The art index mentioned before uses the prices of famous and very esteemed artists to assign a value to the other ones not belonging to the “art hall of fame”. This is how the art market works: imagine you have purchased two paintings for $10.000 each in 1980, one of Damien Hirst and the other one of John Smith. 20 years later, Hirst’s career took off conversely Smith’s one did not and you managed to sell Hirst’s painting for $20.000 while Smith’s painting remained unsold. According to that calculation, each painting is worth $20,000. The index therefore would report the return on the investor’s original $20,000 at 100% $40,000, although in reality you realized only a 50% return, as you own paintings worth $30,000, not $40,000.
If Roy’s painting were an average painting, using it to assign a value to paintings like Tony’s wouldn’t be a bad way to estimate returns however, the paintings that sell are far from average.
When we compared the investment returns and risk of all the styles of art to a portfolio of pure stocks, we found that art investments would not substantially improve the risk/return profile of a portfolio diversified among traditional asset classes, such as stocks and bonds. Melanie Gerlis, the author of Art as an Investment?, says that, after having combined all the data on the broad market, on average the return on investment-grade art is around 4pc. This estimation is considerably less than the return rate on gold, wine and both public and private equity.
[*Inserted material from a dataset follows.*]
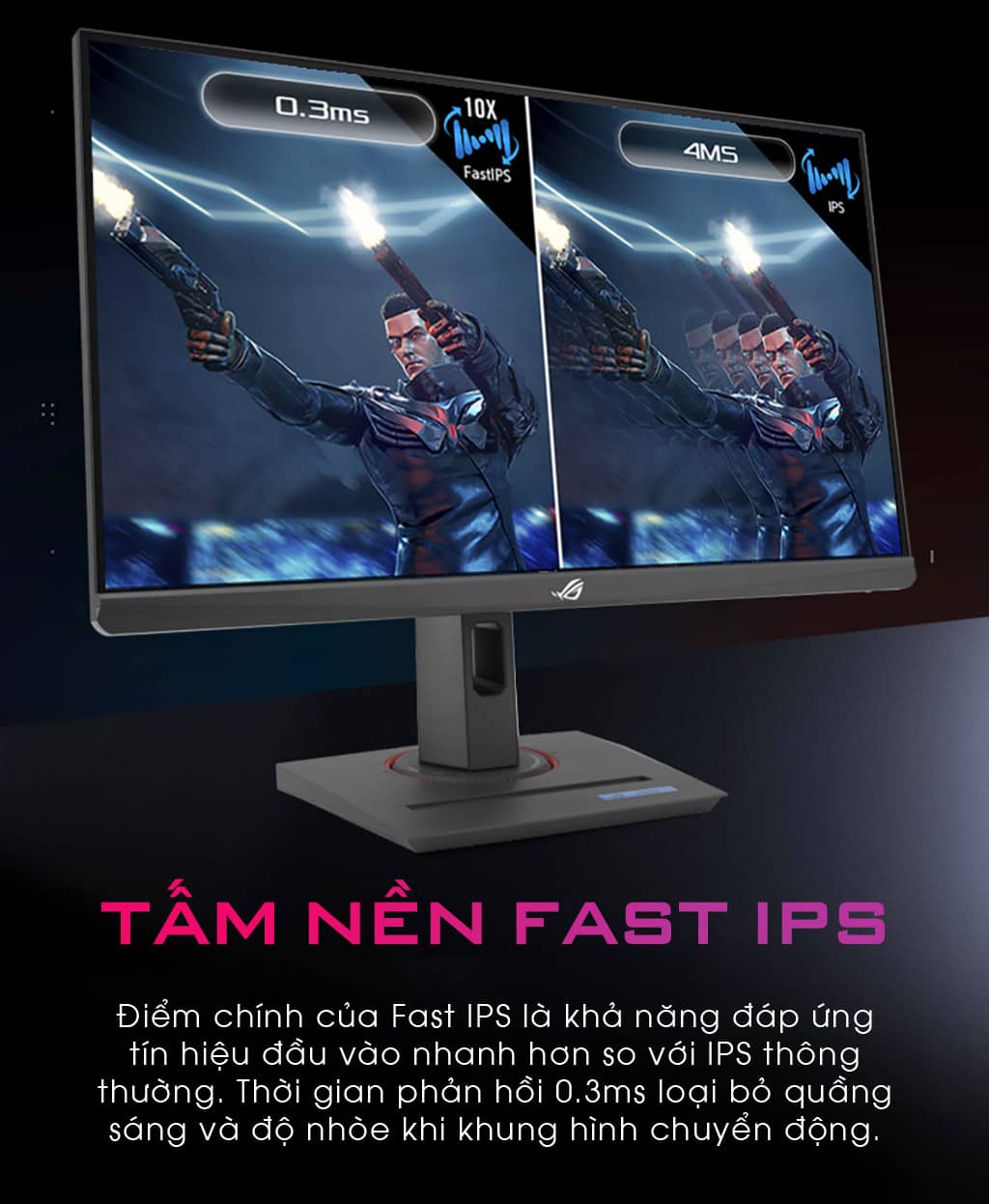 Bên cạnh tần số quét ấn tượng, ROG Strix XG259QNS còn sở hữu tốc độ phản hồi tín hiệu chỉ 0.3ms (GTG), một trong những tốc độ nhanh nhất hiện nay. Tốc độ phản hồi nhanh này giúp loại bỏ hiện tượng bóng mờ và nhòe hình, đảm bảo mọi chuyển động trên màn hình đều rõ ràng và chính xác. Điều này đặc biệt quan trọng đối với các game thủ chuyên nghiệp, nơi mỗi mili giây đều có thể quyết định kết quả của trận đấu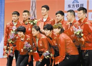 中乒告别“马王时代” 退役队员仪式上合影(图)

Furthermore, it is reasonable to expect the volatility of the price due to changes in the economic environment or because some particular works or artists come in or out of favour. By purchasing works of art, what you get is an investment which is unregulated, illiquid, with high charges, that produces no income and with potentially volatile performance and all these characteristics do not appeal to most investors.
No matter how you slice it: art is not a smart and profitable investment for the average person and even for high-net-worth people wold be better not to have more than a 10% allocation to art in their portfolios.
Works of art are primarily aesthetic investments, not financial ones and buy paintings is not the wisest way to make a quick buck. Before purchasing one of them just ask yourself: does hanging my own financial future on a canvas make sense?